Predicting gene regulatory networks of soybean nodulation from RNA-Seq transcriptome data
1 Department of Computer Science, University of Missouri, Columbia, MO 65211, USA
2 Informatics Institute, University of Missouri, Columbia, MO, USA
3 C.S. Bond Life Science Center, University of Missouri, Columbia, MO, USA
4 Divisions of Plant Science and Biochemistry, Columbia, MO, USA
5 Current address: Department of Genetics, Geisel School of Medicine at Dartmouth, Hanover, NH 03755, USA
BMC Bioinformatics 2013, 14:278 doi:10.1186/1471-2105-14-278Published: 22 September 2013
High-throughput RNA sequencing (RNA-Seq) is a revolutionary technique to study the transcriptome of a cell under various conditions at a systems level. Despite the wide application of RNA-Seq techniques to generate experimental data in the last few years, few computational methods are available to analyze this huge amount of transcription data. The computational methods for constructing gene regulatory networks from RNA-Seq expression data of hundreds or even thousands of genes are particularly lacking and urgently needed.

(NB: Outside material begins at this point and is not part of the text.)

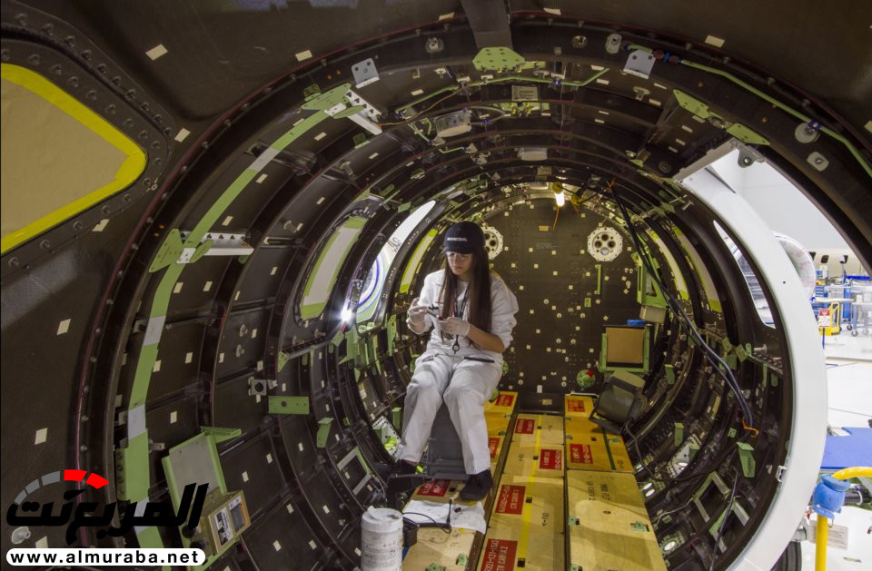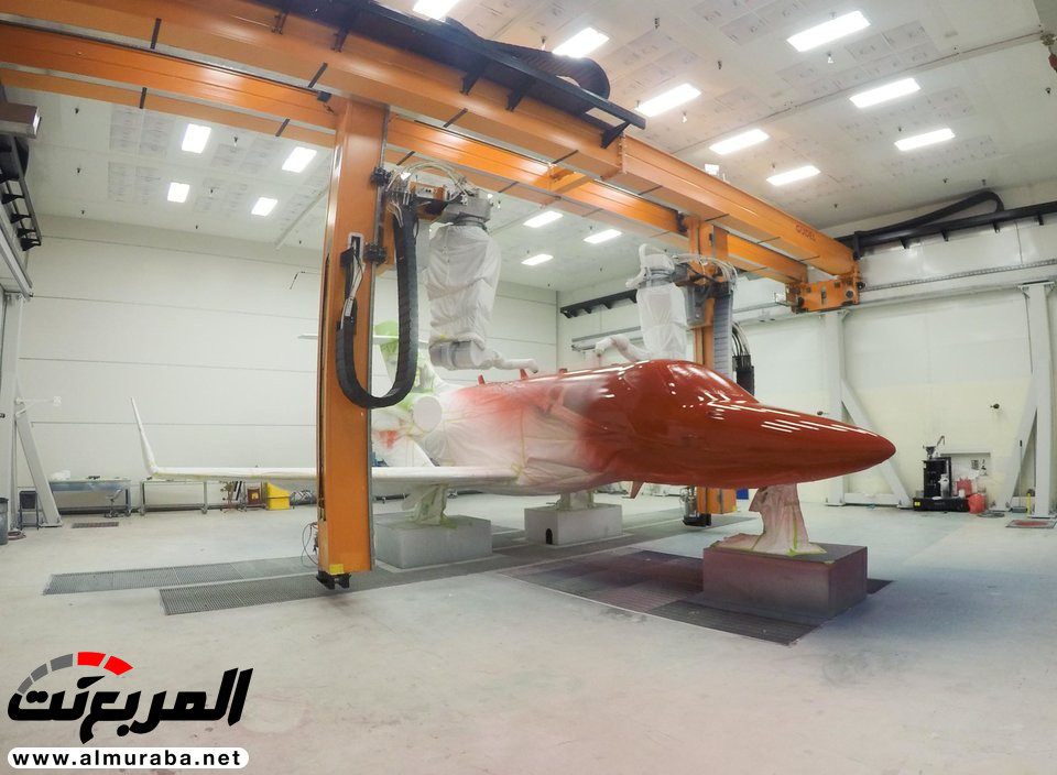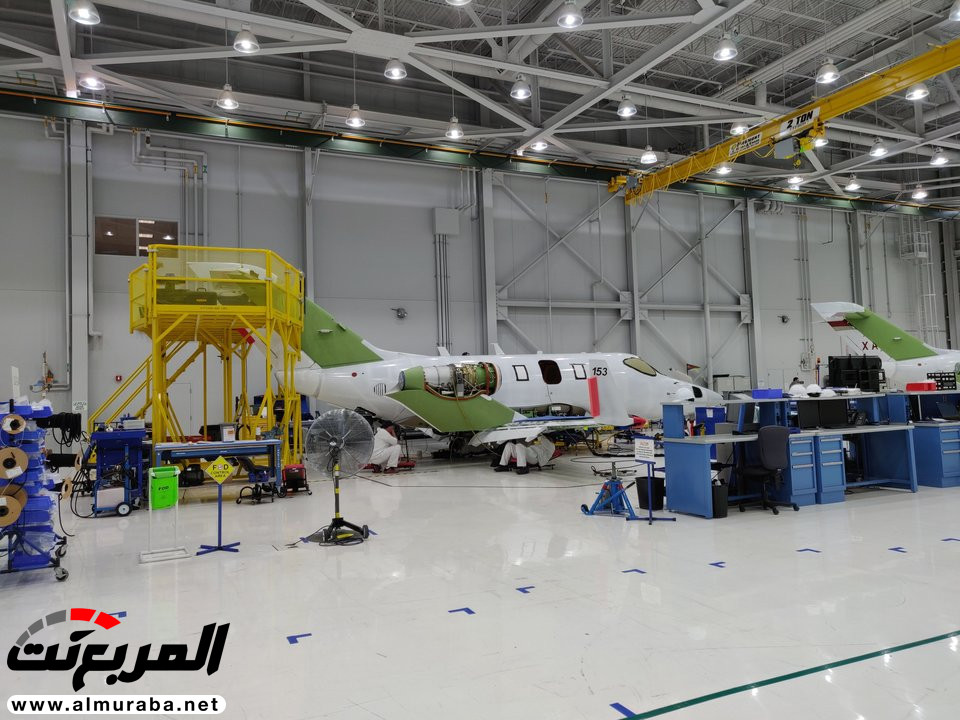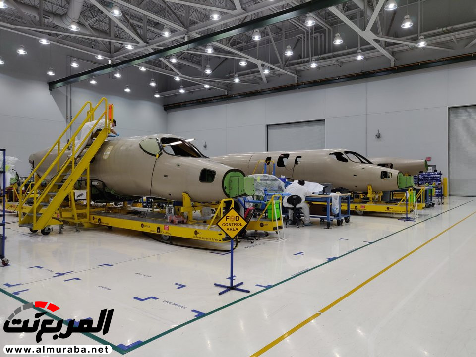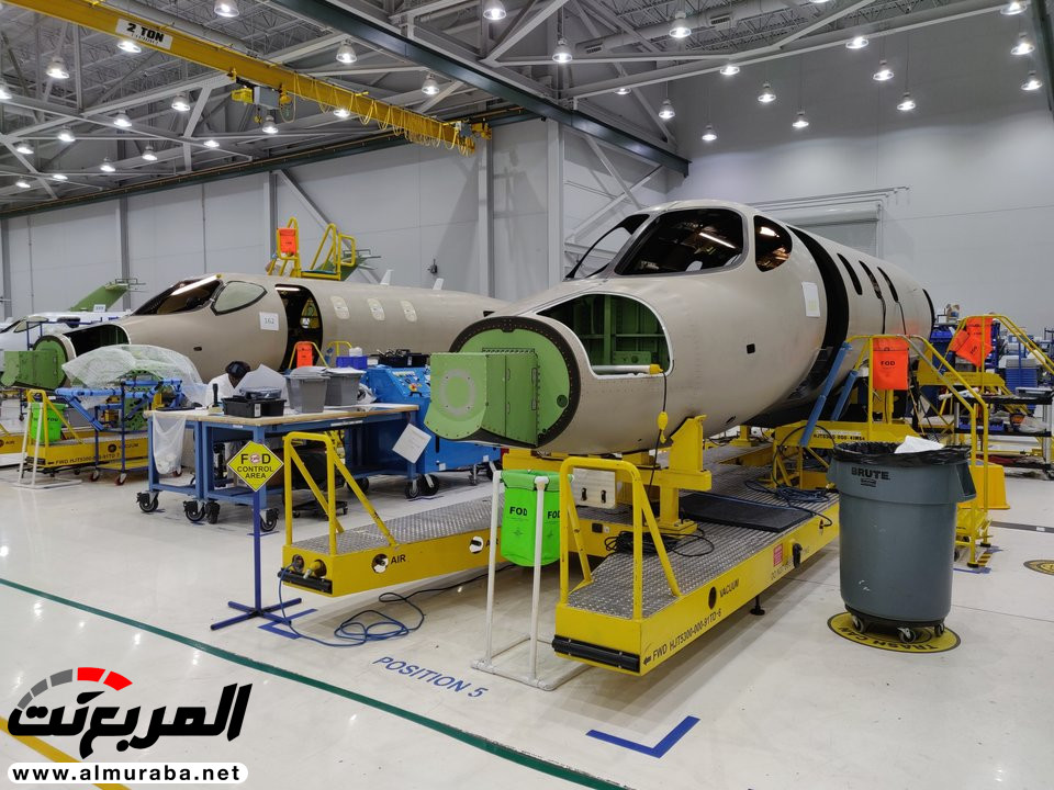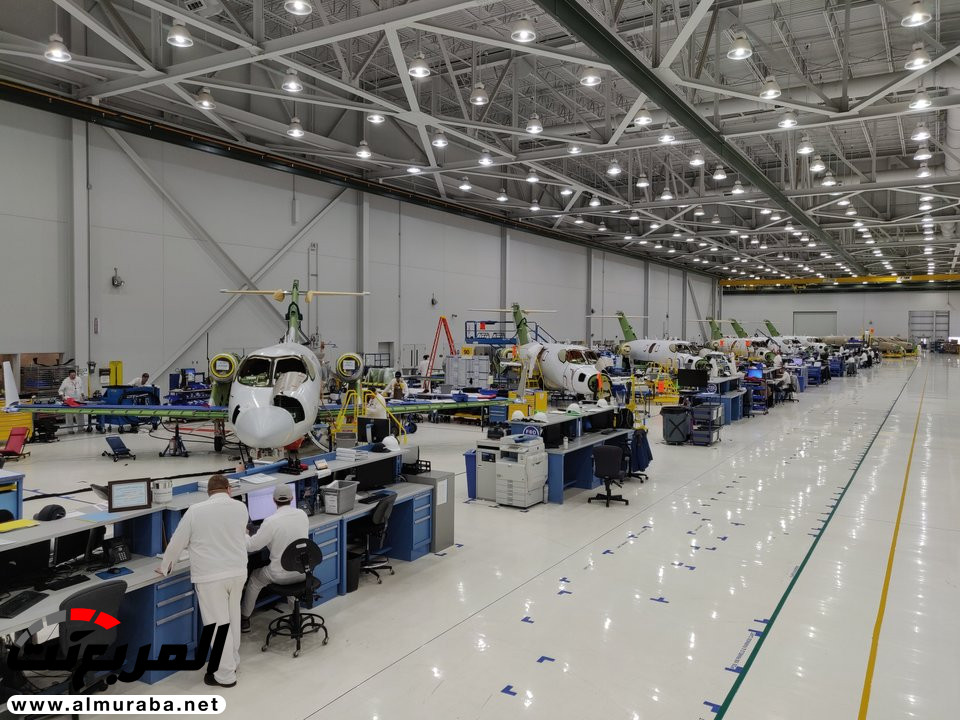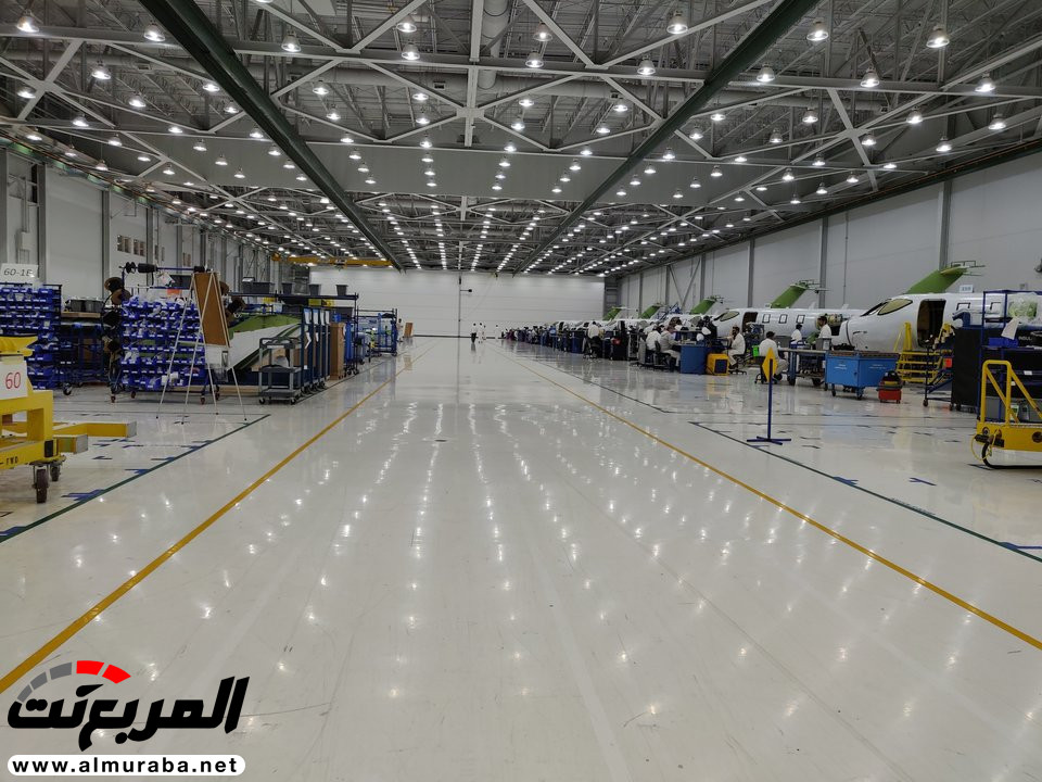 داخل منشأة الإنتاج نرى عدة طائرات مصطفة في مراحل مختلفة من عملية التجميع اليدوية، بينما نرى طائرة شبه مكتملة في نهاية خط الإنتاج.

We developed an automated bioinformatics method to predict gene regulatory networks from the quantitative expression values of differentially expressed genes based on RNA-Seq transcriptome data of a cell in different stages and conditions, integrating transcriptional, genomic and gene function data. We applied the method to the RNA-Seq transcriptome data generated for soybean root hair cells in three different development stages of nodulation after rhizobium infection. The method predicted a soybean nodulation-related gene regulatory network consisting of 10 regulatory modules common for all three stages, and 24, 49 and 70 modules separately for the first, second and third stage, each containing both a group of co-expressed genes and several transcription factors collaboratively controlling their expression under different conditions. 8 of 10 common regulatory modules were validated by at least two kinds of validations, such as independent DNA binding motif analysis, gene function enrichment test, and previous experimental data in the literature.
We developed a computational method to reliably reconstruct gene regulatory networks from RNA-Seq transcriptome data. The method can generate valuable hypotheses for interpreting biological data and designing biological experiments such as ChIP-Seq, RNA interference, and yeast two hybrid experiments.